Provisions made by UAE banks rose 3.89 per cent month-on-month in October even as bank loans declined marginally, data from the country’s central bank shows.
Total provisions in the region’s second largest economy increased to Dh54.1bn at the end of October, up from Dh52bn in September, data from UAE Central bank shows.
Specific provisions for bad loans were up 4.76 per cent, from Dh37.8bn in September to Dh39.6bn in October, while general provisions were up 2.1 per cent, from Dh14.2b to Dh14.5b during the same period. Loans and advances (net of provisions) by UAE banks, on the other hand, declined marginally from Dh1,038.4bn in September to Dh1037.7bn in October, data shows.
A senior economist said yesterday that the UAE’s banking system remained on sound footing, with a high level of capital adequacy ratio, which according to Central Bank data stood at 20.4 per cent of total loans in September 2010.
“If you look at the non-performing loans [NPLs], latest numbers show that NPLs are at 4.3 per cent of total loans. This is lower than what it was in 2005-2006, when they [NPLs] were running at 8.3 and 6.3 per cent,” Dr Nasser Al Saidi, Chief Economist at the Dubai International Financial Centre, told a media gathering yesterday.
“The greater liquidity of the banking sector – its good capitalisation – will allow it to start financing the recovery,” he emphasised. “We’ll all be seeing an increase in credit growth to the corporate sector,” Dr Saidi reckoned.

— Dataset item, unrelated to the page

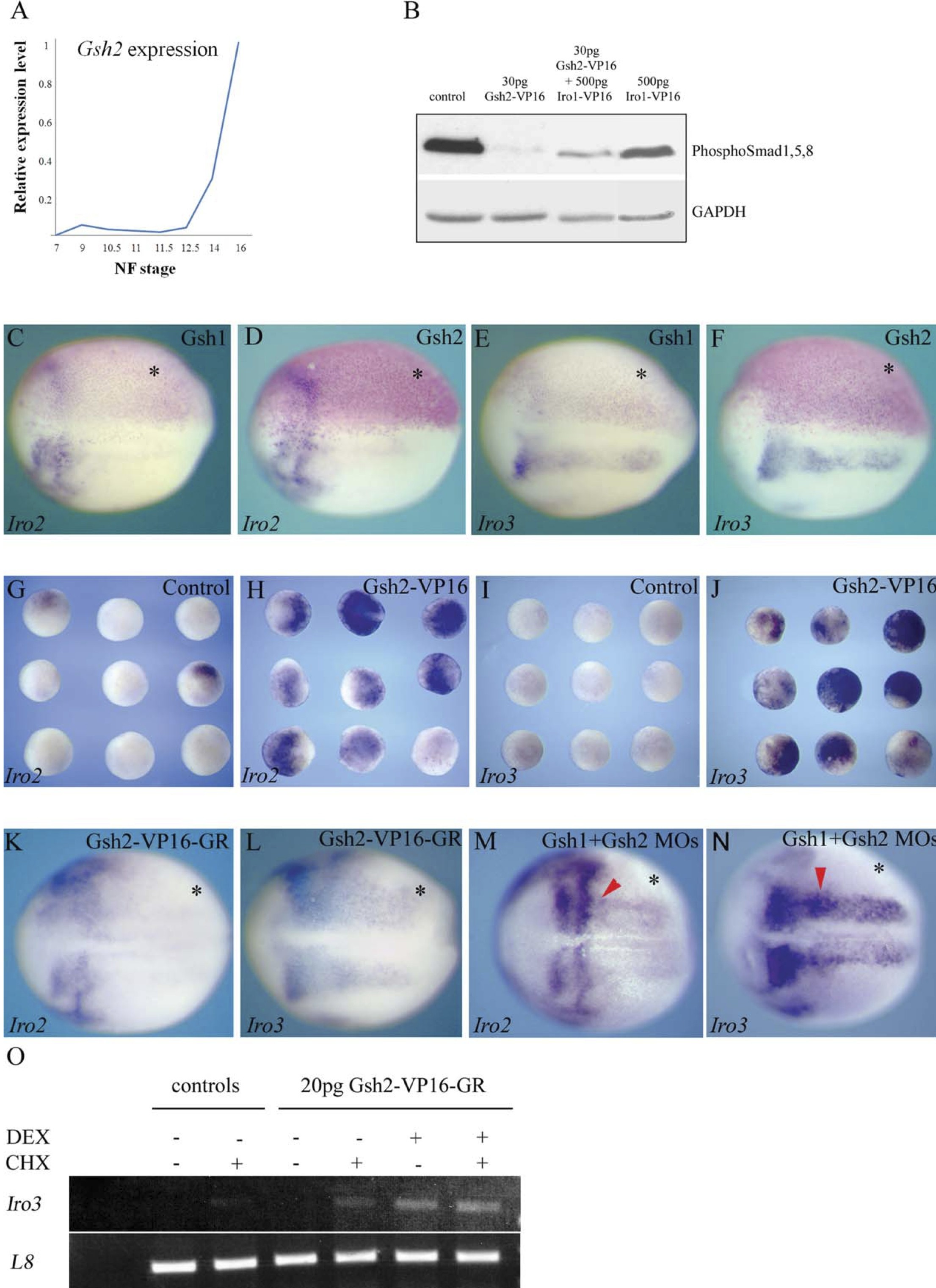Fig. 3. Repression of Iroquois gene expression by Gsx proteins. A: Quantitative-polymerase chain reaction(Q-PCR) analysis of Gsh2 expression during early development. Levels are normalized to ornithine decarboxylase (ODC) expression and are shown relative to expression at Nieuwkoop and Faber (NF) stage 16. B: Western blot analysis of stage 11 X. laevis embryos injected with mRNAs as indicated, and blotted with antibodies against PhosphoSmad1/5/8 and GAPDH (glyceraldehyde-3-phosphate dehydrogenase) as a loading control. C-F: In situ hybridization analysis of (C,D) Iro2 and (E,F) Iro3 expression in neurula stage 14 X. tropicalis embryos unilaterally injected with (C,E) 20 pg of Gsh1 mRNA and (D,F) 5 pg Gsh2,mRNA. Dorsal views, anterior to left, injected side at top and marked with asterisk). Injected region indicated by b-galactosidase co-injection and red-gal staining (pink). G-J: Expression of (G,H) Iro2 and (I,J) Iro3 in animal cap explants from (G,I) control X. laevis embryos and (H,J) embryos injected with 40 pg Gsh2-VP16 mRNA. K-N: In situ hybridization analysis of (K,M) Iro2 and (L,N) Iro3 expression in neurula stage 14 X. tropicalis embryos unilaterally injected with (K,L) 15pg Gsh2-VP16-GR mRNA with dexamethasone treatment with stage 11or (M,N) Gsh2- and Gsh1-antisense morpholinos. O: Reverse transcriptase-PCR (RT-PCR) analysis of expression of Iro3 in animal cap explants taken from uninjected X. laevis control embryos or embryos injected with 20 pg of Gsh2-VP16-GR, and treated with cycloheximide (CHX) and/or dexamethasone (DEX) as indicated.

The increased level of month-on-month provisioning further shows that the country’s banks continue to take balance-sheet measures against bad loans.
Central Bank data also shows that bank deposits in the UAE have increased by 7.2 per cent in the first 10 months of this year, from Dh982.6bn at the end of 2009 to Dh1,053.8bn at the end of October 2010. Deposits rose almost 4 per cent month-on-month from Dh1,013.3bn in September 2010.
In a bid to improve transparency in the banking sector, the country’s Central Bank recently revised the basis of classification of loans and their provisioning requirements, mandating lenders to book bad loan provisions on a quarterly basis instead of waiting until the end of the year to cover bad loans.